Your job is to return the whole listing unchanged while skipping its images.

Given records →
..............................

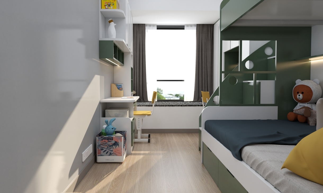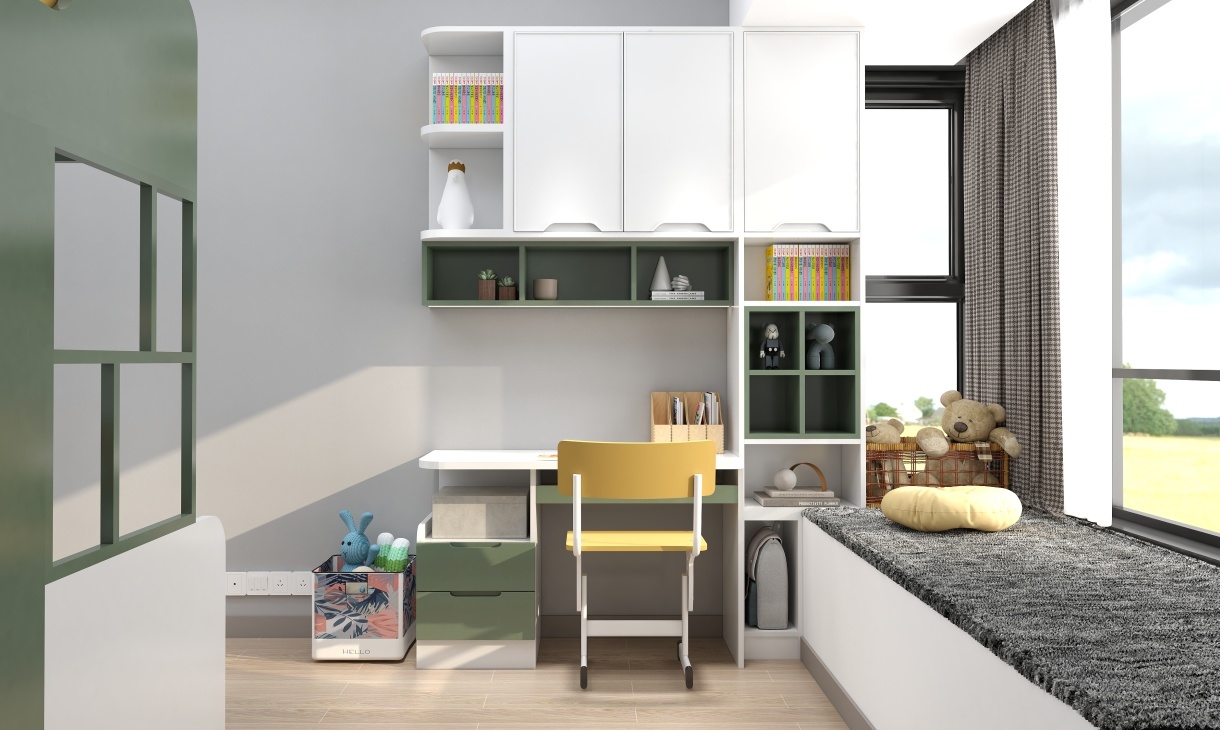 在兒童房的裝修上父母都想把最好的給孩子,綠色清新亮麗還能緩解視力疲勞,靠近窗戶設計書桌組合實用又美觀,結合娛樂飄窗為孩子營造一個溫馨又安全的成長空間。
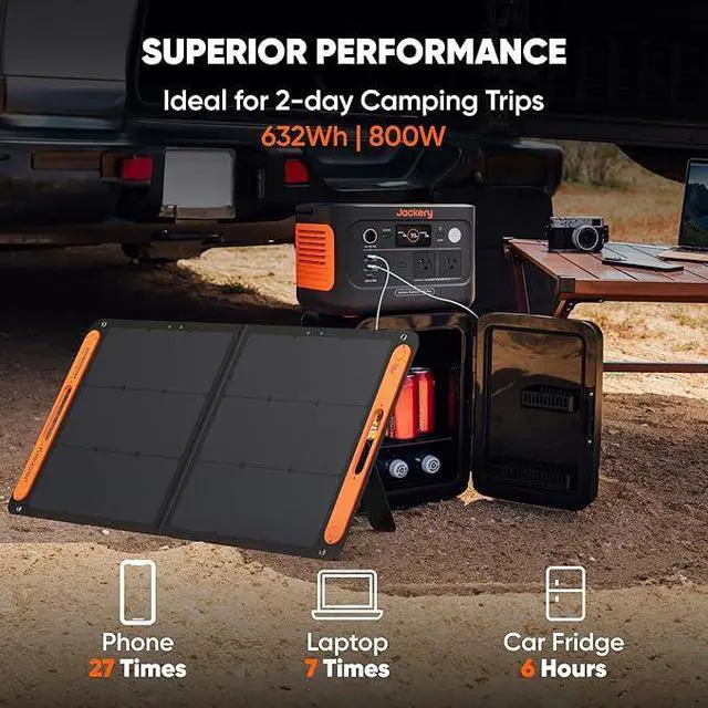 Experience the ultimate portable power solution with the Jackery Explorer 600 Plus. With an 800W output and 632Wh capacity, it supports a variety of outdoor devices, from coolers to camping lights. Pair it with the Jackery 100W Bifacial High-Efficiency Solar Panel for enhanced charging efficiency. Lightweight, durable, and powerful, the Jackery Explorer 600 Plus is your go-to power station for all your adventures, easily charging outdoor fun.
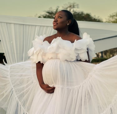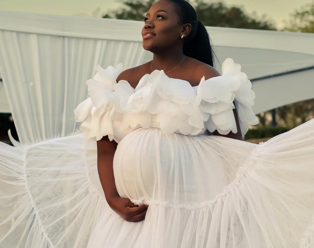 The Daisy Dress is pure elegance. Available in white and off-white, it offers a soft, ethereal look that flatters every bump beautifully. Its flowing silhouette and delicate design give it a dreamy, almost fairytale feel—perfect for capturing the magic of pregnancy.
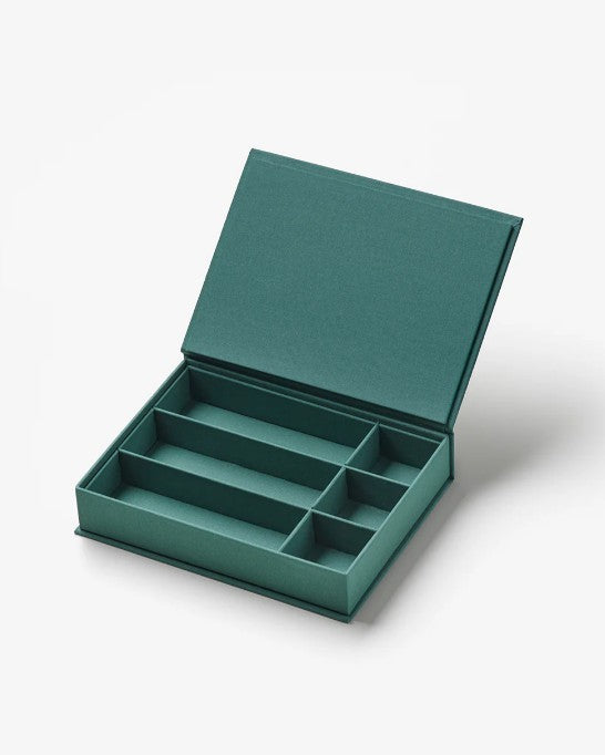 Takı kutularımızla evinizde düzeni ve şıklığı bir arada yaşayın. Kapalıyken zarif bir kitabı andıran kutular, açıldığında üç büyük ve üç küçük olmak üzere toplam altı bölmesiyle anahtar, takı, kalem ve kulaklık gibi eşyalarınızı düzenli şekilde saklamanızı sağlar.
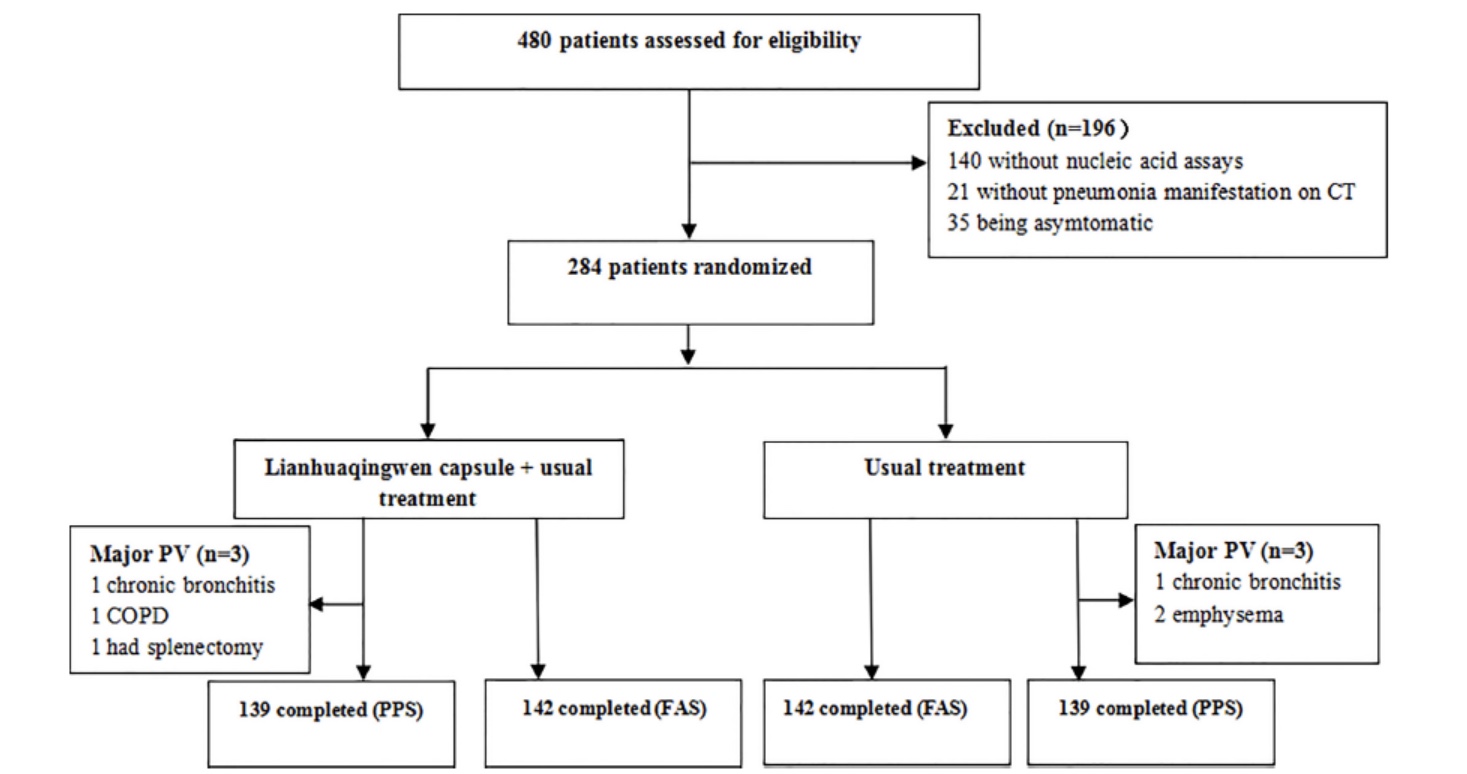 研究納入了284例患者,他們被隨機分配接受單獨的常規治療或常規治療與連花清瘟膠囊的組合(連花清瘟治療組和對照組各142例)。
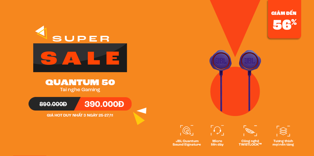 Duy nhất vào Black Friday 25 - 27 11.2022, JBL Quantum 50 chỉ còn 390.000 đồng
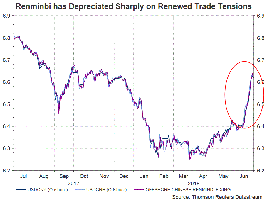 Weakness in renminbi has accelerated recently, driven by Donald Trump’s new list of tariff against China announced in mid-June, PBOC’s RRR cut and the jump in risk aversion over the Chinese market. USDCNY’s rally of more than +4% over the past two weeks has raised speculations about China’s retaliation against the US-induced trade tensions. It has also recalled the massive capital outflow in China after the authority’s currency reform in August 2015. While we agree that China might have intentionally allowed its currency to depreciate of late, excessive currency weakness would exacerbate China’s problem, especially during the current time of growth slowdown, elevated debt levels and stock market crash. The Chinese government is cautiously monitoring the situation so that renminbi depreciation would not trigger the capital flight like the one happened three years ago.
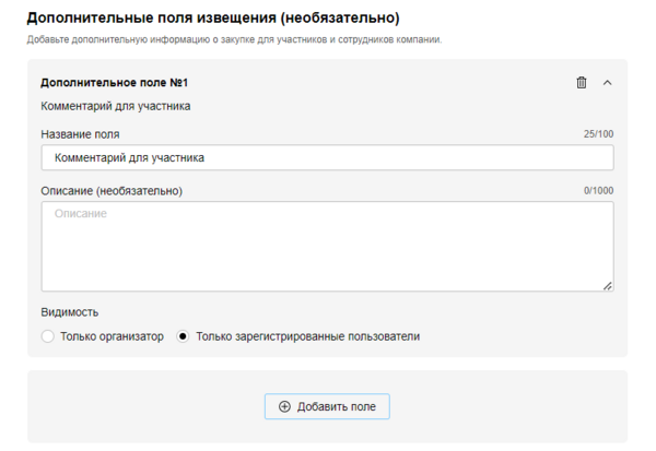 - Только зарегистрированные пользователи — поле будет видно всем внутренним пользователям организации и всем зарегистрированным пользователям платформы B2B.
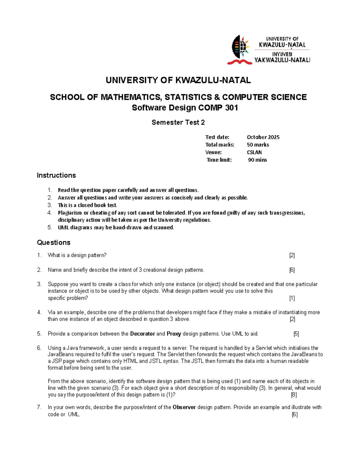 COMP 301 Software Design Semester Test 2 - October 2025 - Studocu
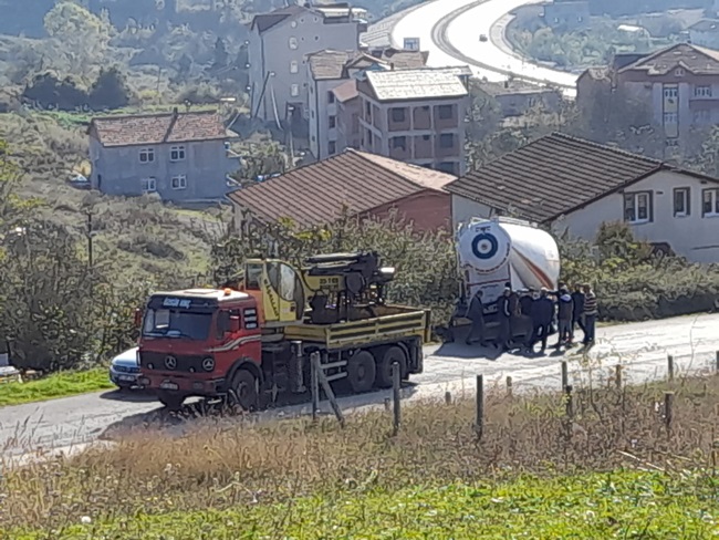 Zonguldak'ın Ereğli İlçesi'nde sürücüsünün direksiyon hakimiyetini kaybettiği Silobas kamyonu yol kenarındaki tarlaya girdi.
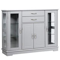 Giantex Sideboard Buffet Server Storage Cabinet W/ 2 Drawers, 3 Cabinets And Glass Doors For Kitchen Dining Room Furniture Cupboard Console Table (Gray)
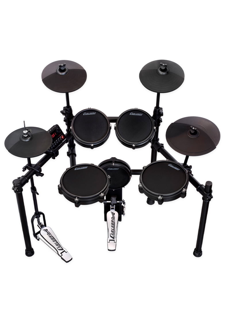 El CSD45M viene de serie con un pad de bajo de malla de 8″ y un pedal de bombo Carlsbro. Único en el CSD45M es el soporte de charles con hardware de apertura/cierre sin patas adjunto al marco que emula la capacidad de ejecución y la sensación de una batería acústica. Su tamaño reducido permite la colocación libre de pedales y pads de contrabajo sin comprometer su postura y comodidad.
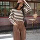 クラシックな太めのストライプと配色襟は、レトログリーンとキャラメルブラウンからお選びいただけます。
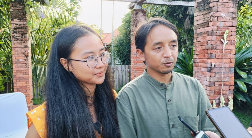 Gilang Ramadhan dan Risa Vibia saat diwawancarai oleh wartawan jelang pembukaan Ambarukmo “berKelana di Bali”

..............................

Answer space →
 在兒童房的裝修上父母都想把最好的給孩子,綠色清新亮麗還能緩解視力疲勞,靠近窗戶設計書桌組合實用又美觀,結合娛樂飄窗為孩子營造一個溫馨又安全的成長空間。
 Experience the ultimate portable power solution with the Jackery Explorer 600 Plus. With an 800W output and 632Wh capacity, it supports a variety of outdoor devices, from coolers to camping lights. Pair it with the Jackery 100W Bifacial High-Efficiency Solar Panel for enhanced charging efficiency. Lightweight, durable, and powerful, the Jackery Explorer 600 Plus is your go-to power station for all your adventures, easily charging outdoor fun.
 The Daisy Dress is pure elegance. Available in white and off-white, it offers a soft, ethereal look that flatters every bump beautifully. Its flowing silhouette and delicate design give it a dreamy, almost fairytale feel—perfect for capturing the magic of pregnancy.
 Takı kutularımızla evinizde düzeni ve şıklığı bir arada yaşayın. Kapalıyken zarif bir kitabı andıran kutular, açıldığında üç büyük ve üç küçük olmak üzere toplam altı bölmesiyle anahtar, takı, kalem ve kulaklık gibi eşyalarınızı düzenli şekilde saklamanızı sağlar.
 研究納入了284例患者,他們被隨機分配接受單獨的常規治療或常規治療與連花清瘟膠囊的組合(連花清瘟治療組和對照組各142例)。
 Duy nhất vào Black Friday 25 - 27 11.2022, JBL Quantum 50 chỉ còn 390.000 đồng
 Weakness in renminbi has accelerated recently, driven by Donald Trump’s new list of tariff against China announced in mid-June, PBOC’s RRR cut and the jump in risk aversion over the Chinese market. USDCNY’s rally of more than +4% over the past two weeks has raised speculations about China’s retaliation against the US-induced trade tensions. It has also recalled the massive capital outflow in China after the authority’s currency reform in August 2015. While we agree that China might have intentionally allowed its currency to depreciate of late, excessive currency weakness would exacerbate China’s problem, especially during the current time of growth slowdown, elevated debt levels and stock market crash. The Chinese government is cautiously monitoring the situation so that renminbi depreciation would not trigger the capital flight like the one happened three years ago.
 - Только зарегистрированные пользователи — поле будет видно всем внутренним пользователям организации и всем зарегистрированным пользователям платформы B2B.
 COMP 301 Software Design Semester Test 2 - October 2025 - Studocu
 Zonguldak'ın Ereğli İlçesi'nde sürücüsünün direksiyon hakimiyetini kaybettiği Silobas kamyonu yol kenarındaki tarlaya girdi.
 Giantex Sideboard Buffet Server Storage Cabinet W/ 2 Drawers, 3 Cabinets And Glass Doors For Kitchen Dining Room Furniture Cupboard Console Table (Gray)
 El CSD45M viene de serie con un pad de bajo de malla de 8″ y un pedal de bombo Carlsbro. Único en el CSD45M es el soporte de charles con hardware de apertura/cierre sin patas adjunto al marco que emula la capacidad de ejecución y la sensación de una batería acústica. Su tamaño reducido permite la colocación libre de pedales y pads de contrabajo sin comprometer su postura y comodidad.
 クラシックな太めのストライプと配色襟は、レトログリーンとキャラメルブラウンからお選びいただけます。
 Gilang Ramadhan dan Risa Vibia saat diwawancarai oleh wartawan jelang pembukaan Ambarukmo “berKelana di Bali”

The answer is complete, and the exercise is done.